Information provided ▸

○ ○ ○

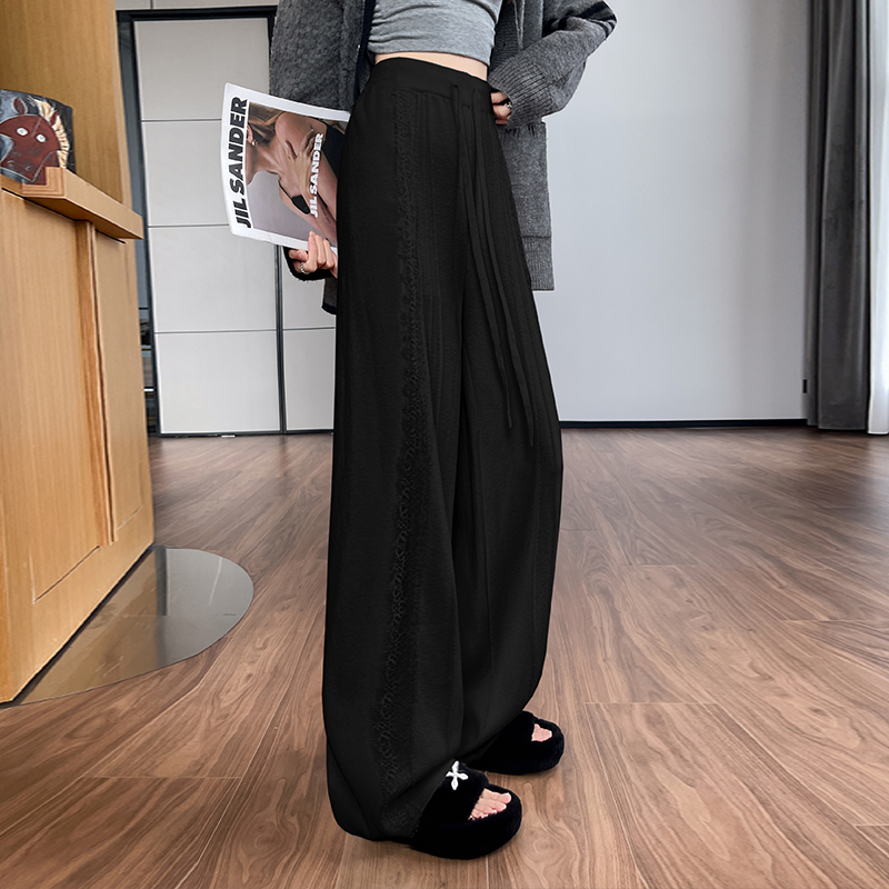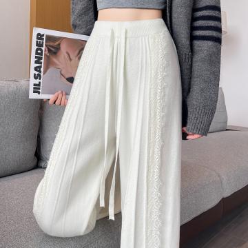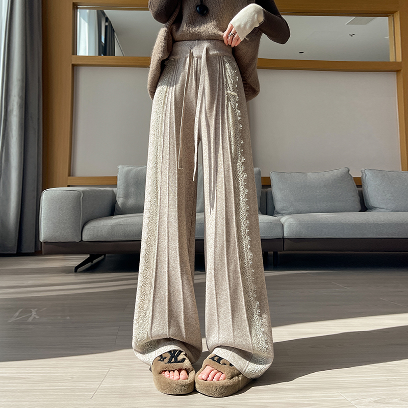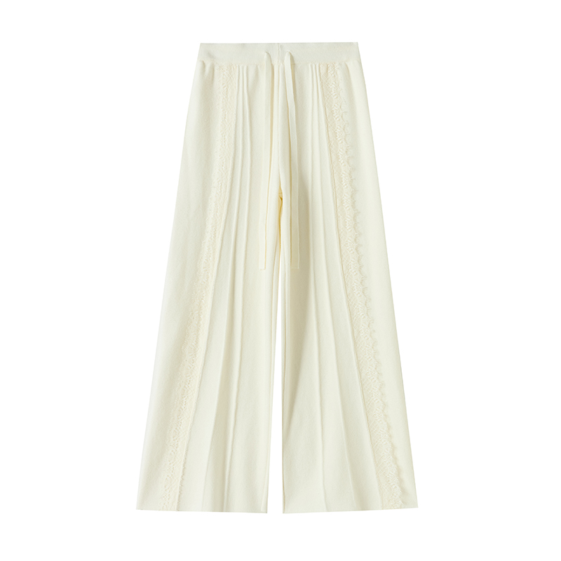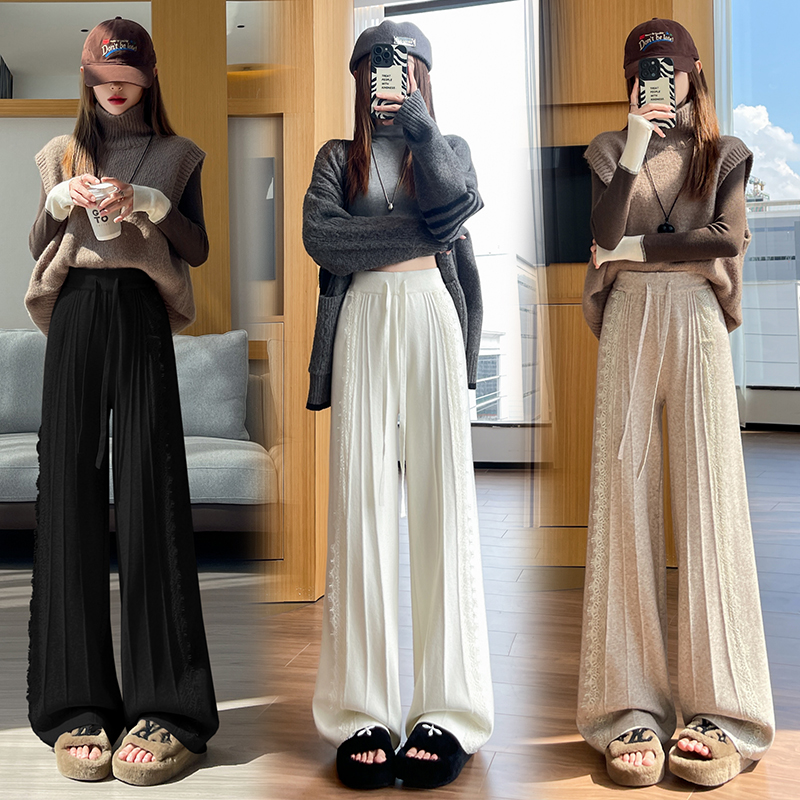 FA46388# 设计感蕾丝针织阔腿裤女秋冬新款高腰显瘦休闲直筒长裤子 服裝批發女裝批發服飾貨源
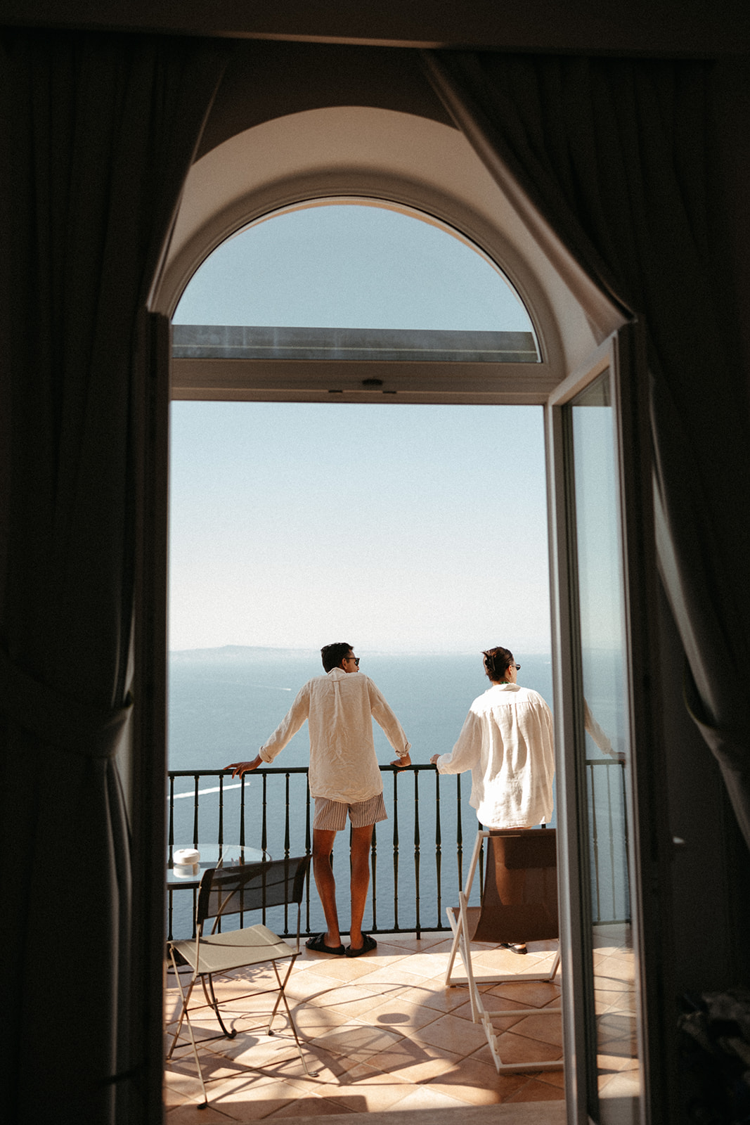 Its terraces overlook the Bay of Naples, providing a setting that’s both intimate and grand. Perfect for couples who value design, detail, and experience.
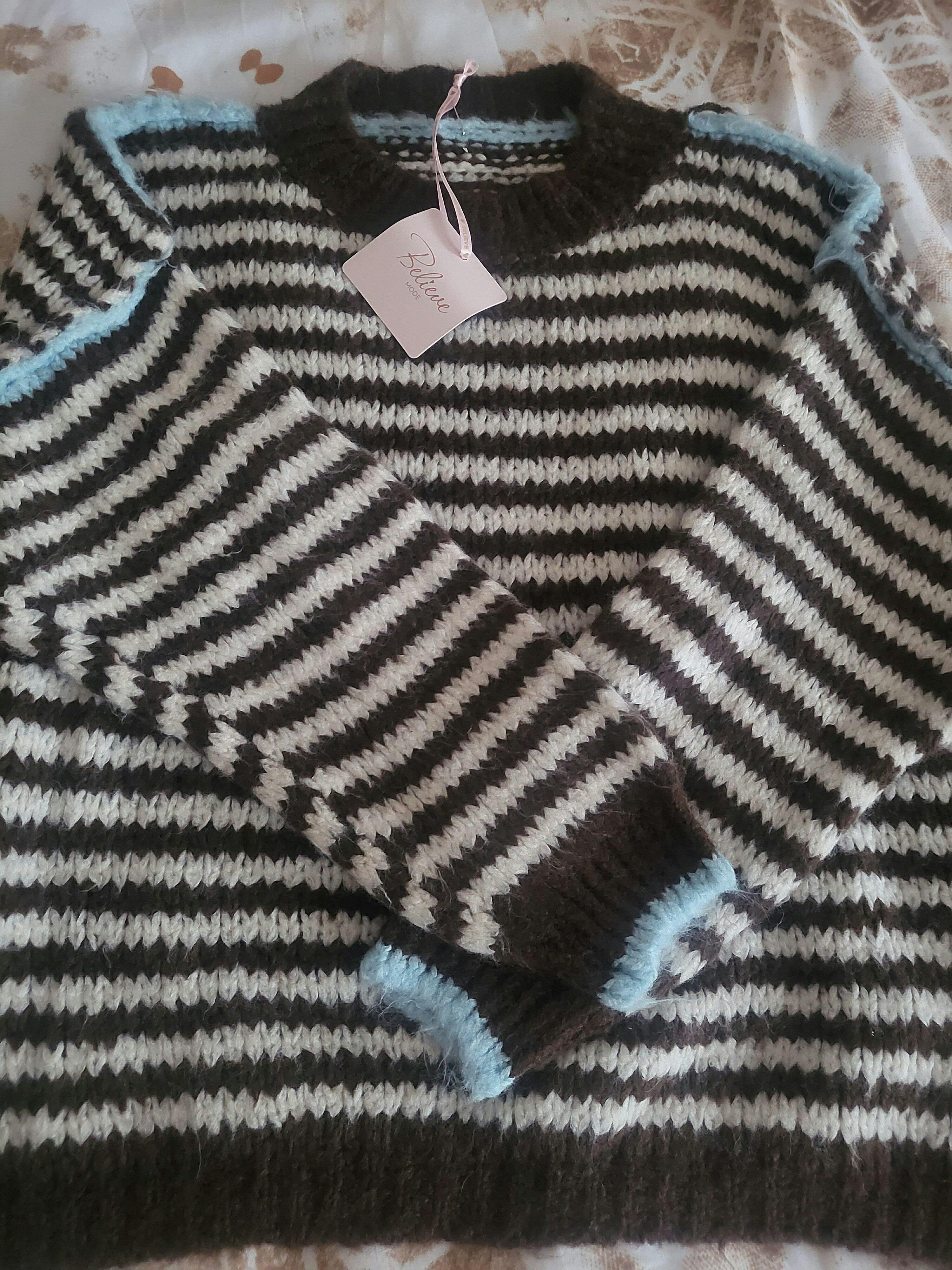 Schöner, kuscheliger Pullover, welcher in einem gestreiften Muster gearbeitet ist. Seine Schulternaht und Zuernath am Ärmel ist farblich abgesetzt.

○ ○ ○

Task directions ▸ Repeat the listing exactly; do not print any picture.

Answer section ▸
 FA46388# 设计感蕾丝针织阔腿裤女秋冬新款高腰显瘦休闲直筒长裤子 服裝批發女裝批發服飾貨源
 Its terraces overlook the Bay of Naples, providing a setting that’s both intimate and grand. Perfect for couples who value design, detail, and experience.
 Schöner, kuscheliger Pullover, welcher in einem gestreiften Muster gearbeitet ist. Seine Schulternaht und Zuernath am Ärmel ist farblich abgesetzt.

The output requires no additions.